GSA Annual Meeting in Seattle, Washington, USA - 2017

Paper No. 106-7
Presentation Time: 9:40 AM

MODERATE CARBONATE CRYSTALLIZATION TEMPERATURES ON THE LOUTRAKI FAULT, GREECE:  WHERE IS THE EVIDENCE FOR SHEAR HEATING?


PRICE, Jason B., Division of Geological and Planetary Sciences, California Institute of Technology, MC 100-23, Pasadena, CA 91125, CARDELLO, Giovanni L., Earth and Environmental Sciences, Université de Genève, 13 Rue des Maraîchers, Genève, 1205, Switzerland and EILER, John M., Division of Geology and Planetary Sciences, California Institute of Technology, MC 170-25, 1200 E. California Blvd, Pasadena, CA 91125, jboprice@gmail.com

Outcropping at the southeast end of the Corinth rift, the most rapidly extending region in Europe, the Loutraki Fault is a S-block-down normal fault that separates the Perachora Peninsula horst from the Lechaion Gulf-Saronic Gulf grabens that probably last slipped during the Pleistocene. Carbonate clumped isotope measurements were made on select carbonate microstructures from the Loutraki Fault to determine if any of these fault phases preserve a signature of high-temperature crystallization, e.g., those developed during "shear heating." We find that comminuted clasts of Pindos Limestone country rock preserve the highest temperatures of c. 95 to 120°C, whereas adjacent ultracataclasite bands (UB) record temperatures in the range 60 to 80°C. The two coolest temperatures of c. 62°C were measured in UB within 5 mm of the outcropping principal slip surface (PSS). A linear correlation of UB crystallization temperature vs distance into the footwall from the outcropping PSS is c. 5°C/cm over a distance of c. 10 cm. Calculated equilibrium d18O water compositions for the UB nearest the PSS are in the range 2 to 4 permil but, for country rock clasts and UB deeper in the footwall, are >8 permil. Given that temperature increases with distance into the footwall, we find a zone of cooling on and near the active PSS and find no evidence for spikes in crystallization temperature that would be expected from shear heating.

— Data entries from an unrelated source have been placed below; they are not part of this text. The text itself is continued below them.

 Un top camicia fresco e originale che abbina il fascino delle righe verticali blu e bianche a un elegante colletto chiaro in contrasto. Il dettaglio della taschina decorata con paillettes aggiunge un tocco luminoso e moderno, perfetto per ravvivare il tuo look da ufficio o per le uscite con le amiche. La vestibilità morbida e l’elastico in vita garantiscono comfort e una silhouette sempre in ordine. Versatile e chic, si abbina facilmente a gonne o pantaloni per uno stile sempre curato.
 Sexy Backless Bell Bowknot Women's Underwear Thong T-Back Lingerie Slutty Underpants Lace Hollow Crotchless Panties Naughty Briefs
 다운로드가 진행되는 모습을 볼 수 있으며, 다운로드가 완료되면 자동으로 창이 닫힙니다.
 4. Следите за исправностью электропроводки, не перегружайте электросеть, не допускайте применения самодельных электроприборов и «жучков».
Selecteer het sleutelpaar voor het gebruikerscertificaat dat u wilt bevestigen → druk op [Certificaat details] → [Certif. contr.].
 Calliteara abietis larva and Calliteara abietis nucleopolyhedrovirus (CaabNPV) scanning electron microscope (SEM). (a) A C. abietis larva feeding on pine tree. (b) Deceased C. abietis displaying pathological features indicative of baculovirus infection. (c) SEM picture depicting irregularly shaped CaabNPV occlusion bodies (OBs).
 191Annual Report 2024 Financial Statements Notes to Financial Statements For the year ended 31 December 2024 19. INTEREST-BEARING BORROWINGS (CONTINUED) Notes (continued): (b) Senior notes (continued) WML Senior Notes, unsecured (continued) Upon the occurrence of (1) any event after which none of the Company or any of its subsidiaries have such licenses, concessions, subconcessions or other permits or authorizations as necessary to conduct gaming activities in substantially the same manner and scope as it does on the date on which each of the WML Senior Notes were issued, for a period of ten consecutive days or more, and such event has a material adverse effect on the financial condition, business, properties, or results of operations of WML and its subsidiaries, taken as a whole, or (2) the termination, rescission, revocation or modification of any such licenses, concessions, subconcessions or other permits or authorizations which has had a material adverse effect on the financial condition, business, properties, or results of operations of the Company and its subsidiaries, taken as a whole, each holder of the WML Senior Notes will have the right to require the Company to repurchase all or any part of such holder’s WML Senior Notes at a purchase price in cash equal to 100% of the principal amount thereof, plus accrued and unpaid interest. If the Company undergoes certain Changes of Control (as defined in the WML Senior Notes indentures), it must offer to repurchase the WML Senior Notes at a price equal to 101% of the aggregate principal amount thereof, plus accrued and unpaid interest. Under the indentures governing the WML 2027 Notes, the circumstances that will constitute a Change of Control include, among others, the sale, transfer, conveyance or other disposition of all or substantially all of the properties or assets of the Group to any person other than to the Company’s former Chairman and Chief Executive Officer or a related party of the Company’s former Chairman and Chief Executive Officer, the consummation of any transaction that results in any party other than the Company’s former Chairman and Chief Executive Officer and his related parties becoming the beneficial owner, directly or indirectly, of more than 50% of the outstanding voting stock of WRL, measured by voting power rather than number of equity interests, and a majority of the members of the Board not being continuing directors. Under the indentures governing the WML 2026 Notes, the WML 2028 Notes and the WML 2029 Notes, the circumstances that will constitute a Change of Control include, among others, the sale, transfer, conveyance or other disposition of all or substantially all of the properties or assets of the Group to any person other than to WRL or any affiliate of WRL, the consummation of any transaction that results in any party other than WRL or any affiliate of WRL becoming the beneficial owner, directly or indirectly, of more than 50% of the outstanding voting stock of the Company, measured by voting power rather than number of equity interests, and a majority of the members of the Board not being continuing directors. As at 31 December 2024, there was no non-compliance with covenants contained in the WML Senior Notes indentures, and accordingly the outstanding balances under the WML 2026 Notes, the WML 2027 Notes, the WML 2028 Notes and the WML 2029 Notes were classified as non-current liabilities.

Calculated water compositions are in part consistent with marine, rather than meteoric, water, and the cooling trend adjacent to the PSS does not appear to be the result of meteoric influx. The c. 25°C difference in temperatures recorded in Pindos country rock clasts may indicate either partial re-equilibration with surrounding fault gouge or sampling of country rock from different levels of crust from as deep as c. 3 km and separated from each other by as much as 1 km vertically.